Phase-changing robots on horizon

A new material built from a combination of wax and foam is capable of switching between hard and soft states, according to research published today by the Massachusetts Institute of Technology (MIT).

The material, which has been developed by Anette Hosoi, a professor of mechanical engineering and applied mathematics at MIT, and a number of researcher partners, could be used to build deformable surgical robots, research suggests.

“If you’re trying to squeeze under a door, for example, you should opt for a soft state

MIT professor Anette Hosoi

If built, a robot made of this material could feasibly move through the body to reach a particular point without damaging any of the organs or vessels along the way.

Working with robotics company Boston Dynamics, the researchers began developing the material as part of the Chemical Robots program of the Defense Advanced Research Projects Agency (DARPA).

However, for a robot to perform meaningful tasks, it needs to be able to exert a reasonable amount of force on its surroundings, Hosoi said.

“You can’t just create a bowl of Jell-O, because if the Jell-O has to manipulate an object, it would simply deform without applying significant pressure to the thing it was trying to move.”

Hosoi explained that controlling a very soft structure is extremely difficult. It is much harder to predict how the material will move, and what shapes it will form, than it is with a rigid robot, she said.

Therefore, the research team concluded that the only way to build a deformable robot would be to develop a material that can switch between a soft and hard state.

“If you’re trying to squeeze under a door, for example, you should opt for a soft state, but if you want to pick up a hammer or open a window, you need at least part of the machine to be rigid,” Hosoi said.

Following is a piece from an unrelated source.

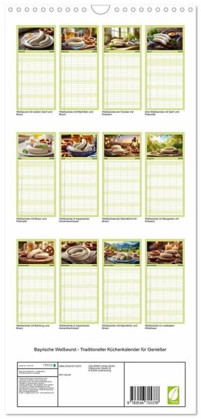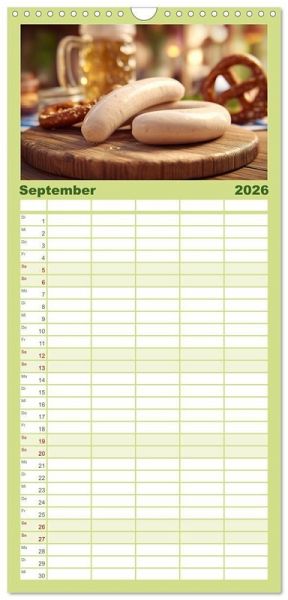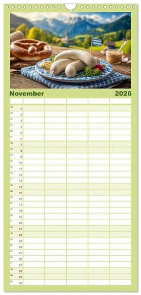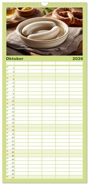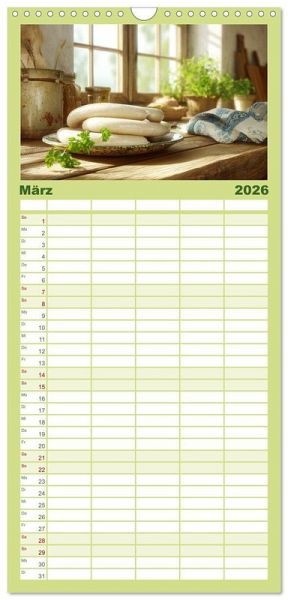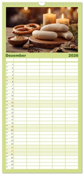 PRAKTISCH - übersichtlicher Familienkalender mit 5 Spalten für bis zu 5 Personen für mehr Struktur im Alltag - so bleiben alle Termine im Blick!ÜBERSICHTLICH - mit farblich getrennten Wochen- und Feiertagen. Die einzelnen Felder bieten genügend Platz für Eintragungen. So macht Organisieren Spaß!FANTASTISCHE BILDER - Dieser Planerist nicht nur eine nützliche Hilfe im Alltag, sondern schmückt gleichzeitig Ihr Zuhause. Ideal auch als Geschenk.FÜR ALLE STIFTE GEEIGNET - ganz egal, ob Sie lieber mit Kugelschreiber oder Bleistift schreiben.NACHHALTIG - deutliche Abfallreduzierung durch bedarfsgerechte Einzelstückfertigung, umweltfreundliches FSC-zertifiziertes Papier, Produktion in Deutschland, klimabewusste Logistik.Saftige Weißwürste, süßer Senf und frische Brezn. Bayrische Spezialität als Wurstkalender für Fleischliebhaber, Bayern Fans und Genießer. Perfekter Küchenkalender und Geschenk für alle, die Weißwurst lieben. von Autor(in): Michael Bihlmayer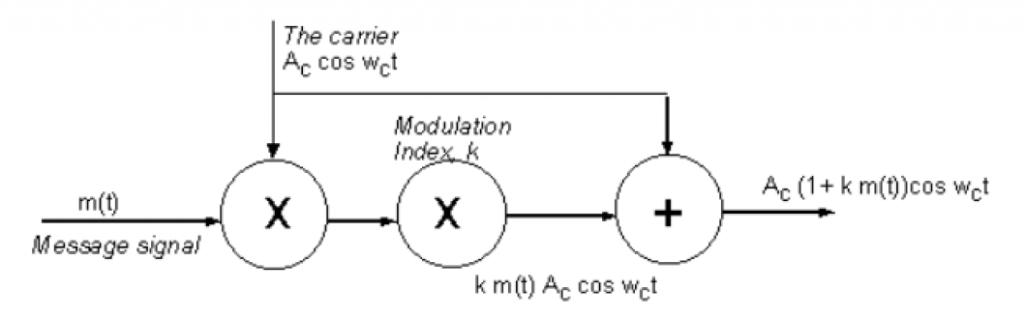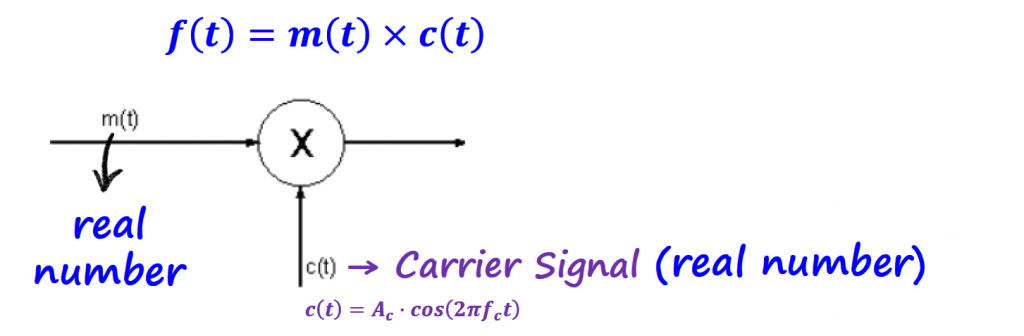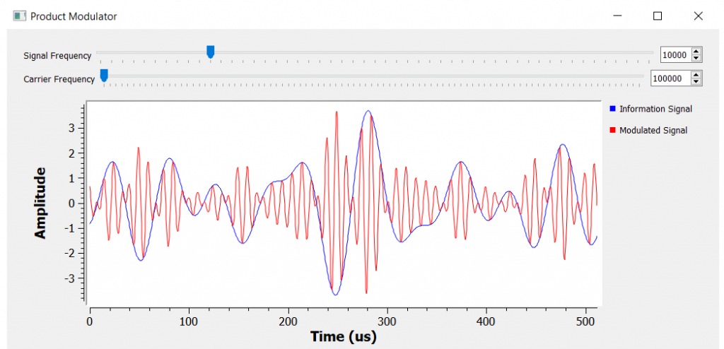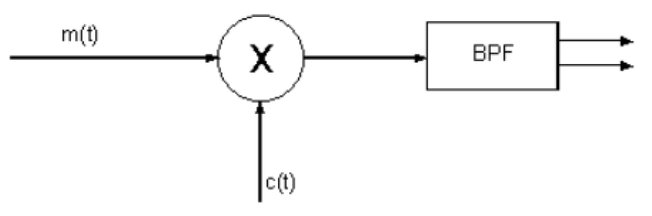 Modulation can be achieved in several ways. The simplest type of modulator for nearly all modulation schemes is called Product Modulator. Remember that the goal of modulating a signal, is to load the information signal (m(t)) into the carrier (c(t)). The frequency of the carrier is generally way higher than the frequencies of the information signal and that is useful for transmitting the information signal over longer distances.

To build a material capable of shifting between squishy and rigid states, the researchers coated a foam structure in wax. They chose foam because it can be squeezed into a small fraction of its normal size, but once released will revert back to its original shape.

The wax coating is capable of changing from a hard outer shell to a soft, pliable surface with moderate heating. This could be done by running a wire along each of the coated foam struts and then applying a current to heat up and melt the surrounding wax, the research suggests.

Turning off the current would allow the material to cool down and return to its rigid state.

“This material is self-healing,” Hosoi said. “So if you push it too far and fracture the coating, you can heat it and then cool it, and the structure returns to its original configuration.”

To build the material, the researchers placed the polyurethane foam in a bath of melted wax. They then squeezed the foam to encourage it to soak up the wax, explained graduate student and research partner Nadia Cheng.

“A lot of materials innovation can be very expensive, but in this case you could just buy really low-cost polyurethane foam and some wax from a craft store,” Cheng said.

Hosoi is now investigating the use of other unconventional materials for robotics, such as magnetorheological and electrorheological fluids.

These materials consist of a liquid with particles suspended inside, and can be made to switch from a soft to a rigid state with the application of a magnetic or electric field.